I do not see anyone thing as my great achievement, I think collectively my council has achieved many things that I have been part of. Personally, I have had the opportunity to be involved in many different areas of the council and additional groups such as the SIG Barriers to Elected Office. This has allowed me to get to know colleagues across other councils and to work with them collectively to help create change for the future.
Tell us one aspect about the job that people might not know / find surprising?
You do not need to have any specific qualifications to be a councillor, everyone has life experience and that is what you need to be able to bring to the table. Nobody expects you to be an expert on all things local government. You get a good induction and you can then focus on the areas you would like more information.
What support is available to possible candidates?
There are many different ways to get support; our council is producing a booklet to help inform perspective candidates of what to expect. The improvement service have a lot of information available on their website. The best way would be to speak to someone who is a current councillor and see if it sounds like something you would like to do. Also important to speak with family and friends, as it will be those people who will ultimately be the closest support for candidates.
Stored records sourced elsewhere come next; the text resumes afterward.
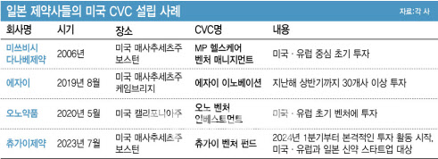 업계 분석에 따르면 일본 제약사는 직접적인 기술도입보다는 기업형 벤처캐피탈(CVC) 설립을 통해 간접적으로 기술에 접근하는 경향이 강하다. 직접 기술을 사오는 것보다는 해외 바이오벤처에 자본을 투자해 파이프라인을 간접적으로 확보하는 전략을 택하고 있다.
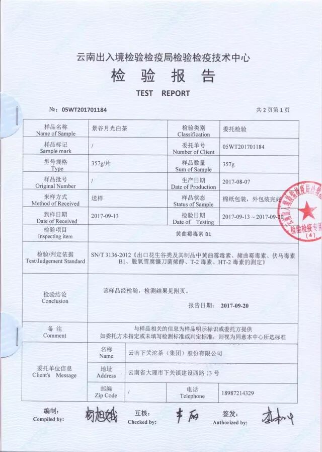 為用數(shù)據(jù)說(shuō)話,還原科學(xué)真相,農(nóng)業(yè)產(chǎn)業(yè)化國(guó)家重點(diǎn)龍頭企業(yè)云南下關(guān)沱茶(集團(tuán))股份有限公司于2017年9月12日依照抽樣規(guī)范抽取了公司生產(chǎn)的25個(gè)產(chǎn)品,并委托云南出入境檢驗(yàn)檢疫局檢驗(yàn)檢疫技術(shù)中心大理分中心進(jìn)行黃曲霉毒素B1檢測(cè)。經(jīng)檢測(cè),16只普洱生茶樣品、8只熟普洱茶樣品和1只白茶樣品中均未檢出黃曲霉毒素B1。
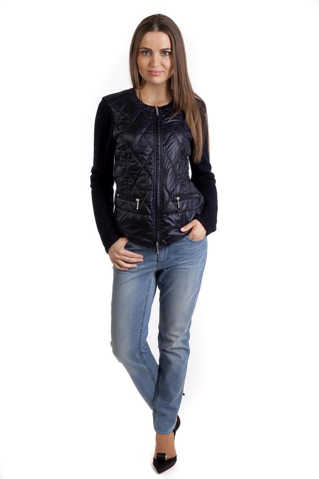Стильный жакет Gerry Weber синего цвета с комбинированным дизайном. Модель выполнена из стеганой ткани и трикотажа, застегивается на молнию и имеет боковые карманы. Состав: хлопок 100%
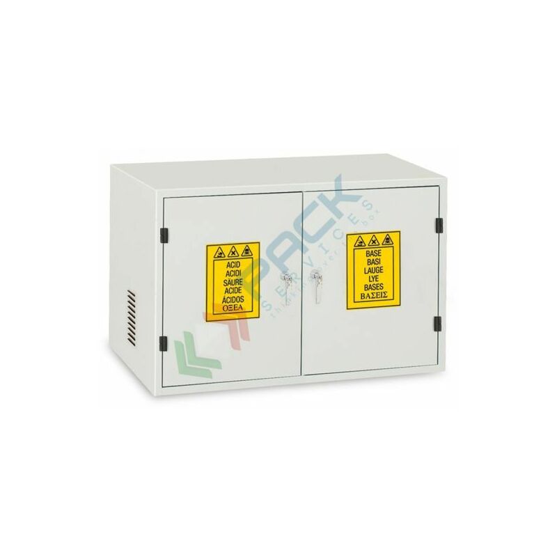 ARMADIO DI SICUREZZA PER PRODOTTI CHIMICI NON INFIAMMABILI - SERIE MULTIRISCHIO Armadio di sicurezza per lo stoccaggio di prodotti chimici non infiammabili, serie multirischio, Mis. 1140 L x 600 P x 700 H mm, 2 porte chieche e 1 scomparto singolo con 2 ripiani in acciaio verniciato. Capacità di 80 Lt (bottiglie da 1 litro per armadio), peso 50 Kg, capacità di carico 80 Kg. Armadio per prodotti chimici conforme alla norma EN 61010 e CEI 66-5. L'armadio di sicurezza permette la separazione per famiglie di prodotti. Soluzione modulare realizzata con struttura in lamiera metallica di 1,5 mm rivestita di polveri epossidiche antiacide con successivo passaggio termico di indurimento a 200 °C. Ripiani a vaschetta con angoli saldati a tenuta in acciaio. Porte con finestratura in policarbonato con chiusura a chiave. Spessore rivestimento superiore a 90 micron. Colore grigio RAL 7035. CARATTERISTICHE TECNICHE: Conformi alla NORMA EN 61010 e CEI 66-5. Cartelli conformi alle norme ISO 3864.
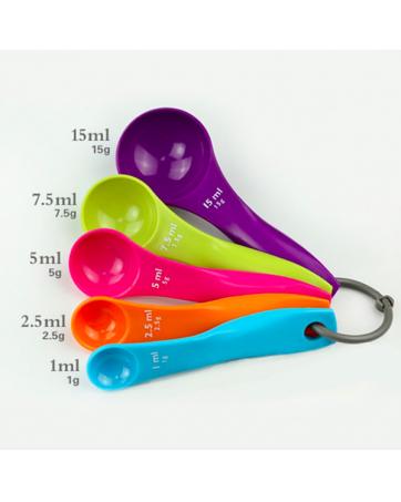 This item is sure to brighten any kitchen. Five piece measuring spoons are great tools for using when following any recipe in the kitchen.
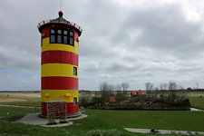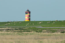 Leuchtturm auf dem Deich bei Pilsum
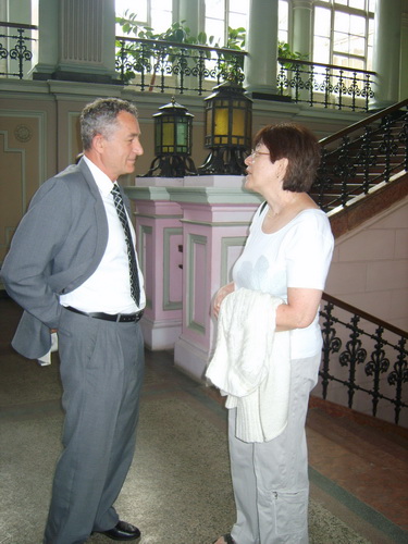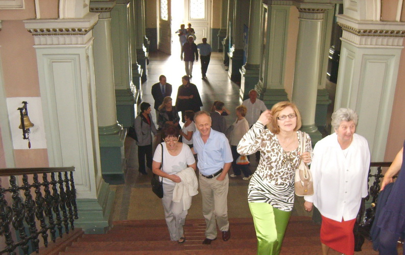Când privesc tabloul, mă gândesc că am avut parte de câțiva profesori cu totul excepționali. Cu unii colegi am legat prietenii trainice, o parte au devenit chiar cititori ai revistei Baabel. Dar ce mi-a plăcut cel mai mult a fost totuși clădirea, fațada cu ferestrele arcuite, cu statuia Alma mater deasupra intrării, holul cu coloane, scara de onoare din marmură roșie, sala festivă, „clopoțelul” de câteva kilograme bune… Iată câteva imagini de la întâlnirea din 2011.
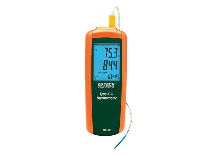Extech TM100-NIST Type J/K Single Input Thermometer with NIST - Compact-size Thermometer with Side-Button Controls For Convenient One-hand Operation. This product is NIST Certified which indicates that the product is traceable to standards provided by the National Institute of Standards and Technology (NIST).
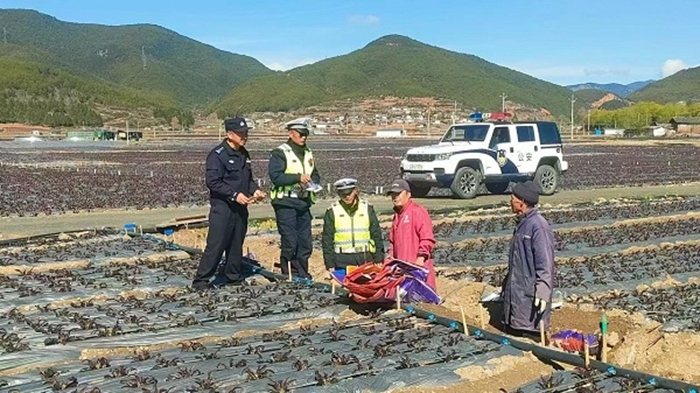 在这片充满希望的田野上,除了辛勤劳作的菜农,还有一群身穿藏蓝的“护苗人”穿梭其间——丽江市公安局古城分局金安派出所的民辅警们。他们深耕“田间警务”,用脚步丈量民情,用真情守护这片“绿色银行”,为春耕生产和乡村振兴保驾护航。
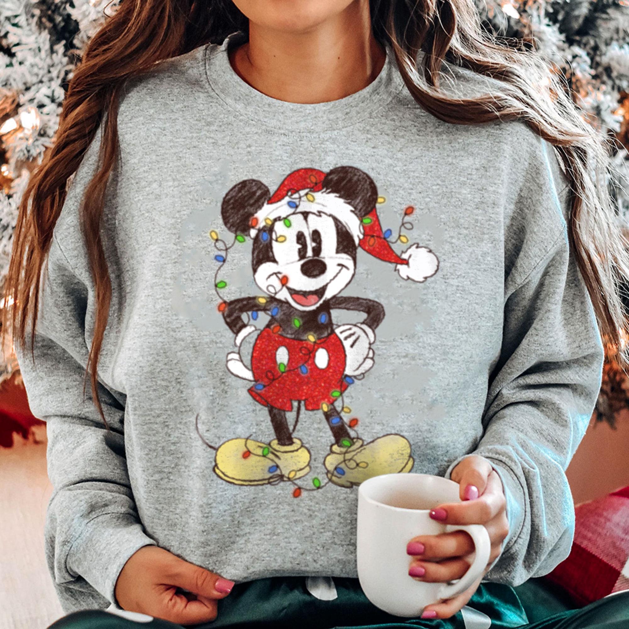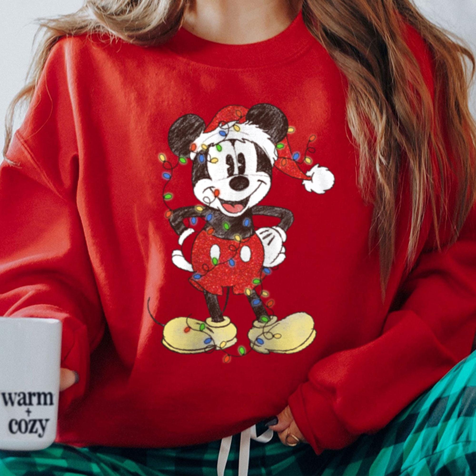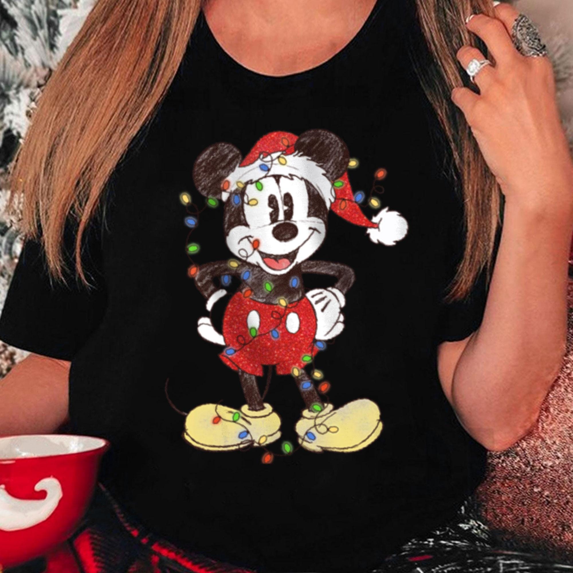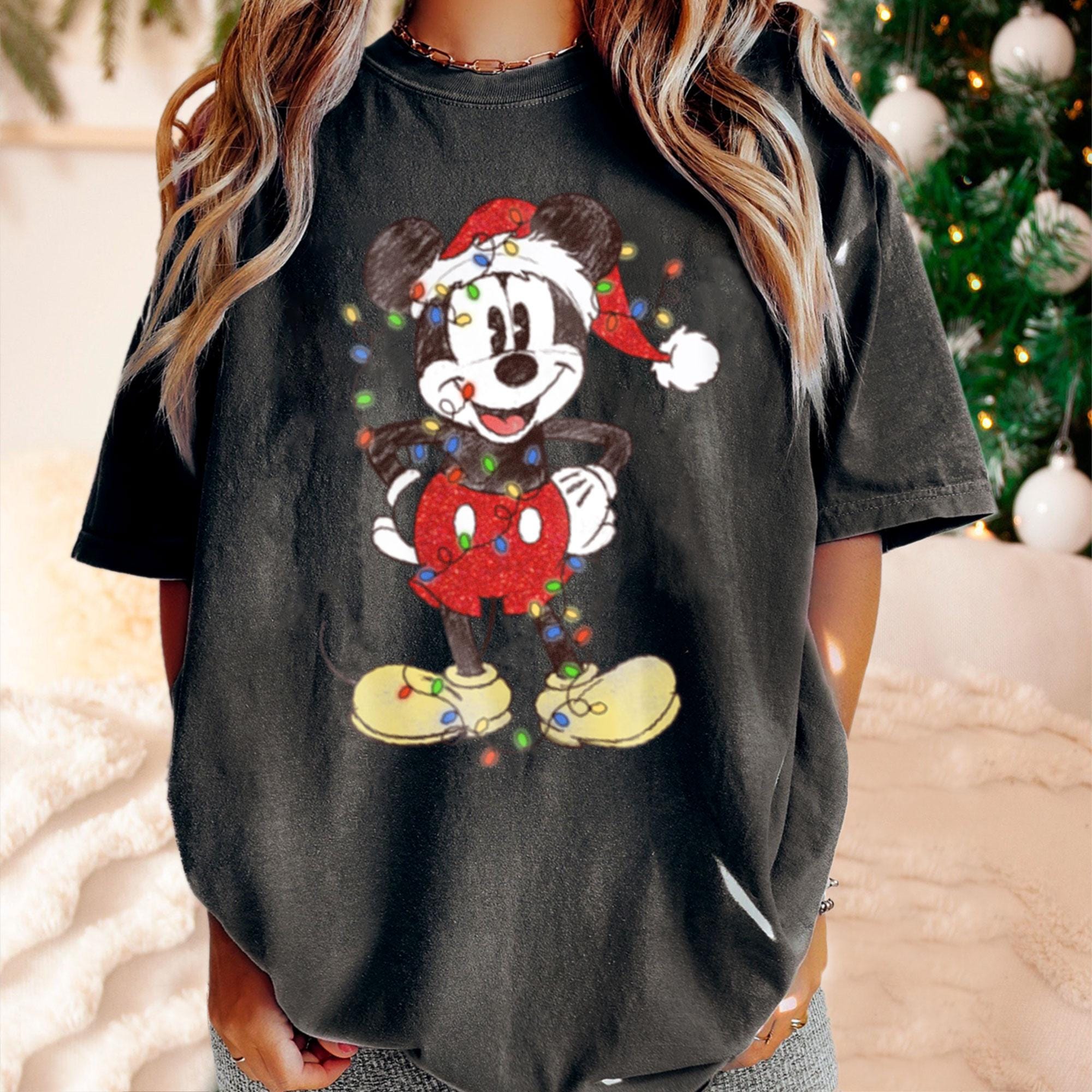 Mickey Santa Xmas Light A Merry Party X-mas Retro Comfort Color T-Shirt, Disneyland Vacation Trip Family Gift 2024

Why is greater representation in local government important?
Our council chambers should represent our communities and they currently do not. We need more diversity and we need people to see that as the norm. Council chambers should reflect our communities so that when decisions are being made we have a broad range of views and ideas.
What advice would you give to someone considering standing for elected office in their local area?
If you are doing it for the right reasons and you think you can make a positive difference then go for it! It is important to recognise though that you need to work with people, local government needs people who want to make a difference and who can work together for the good of their communities. Relationship building is vital as you cannot do anything alone, you need to take people with you and you need to put in the work.
It is not an easy role to undertake and you will have days when you wonder why you did it but you will meet some fantastic people, there is support out there and you can make a difference to your community so just do it!
And finally, who is your role model and why?
Oh that is a tricky one, I am not sure I have a role model as such. I take inspiration from a variety of different people in my life. From a council perspective, I have been incredibly lucky to work with some very experienced members and officers who work tirelessly day in and day out who have helped support me in my role and given me much encouragement.
One such colleague said at the beginning of the council that you get out of this role what you put in and that has stuck with me.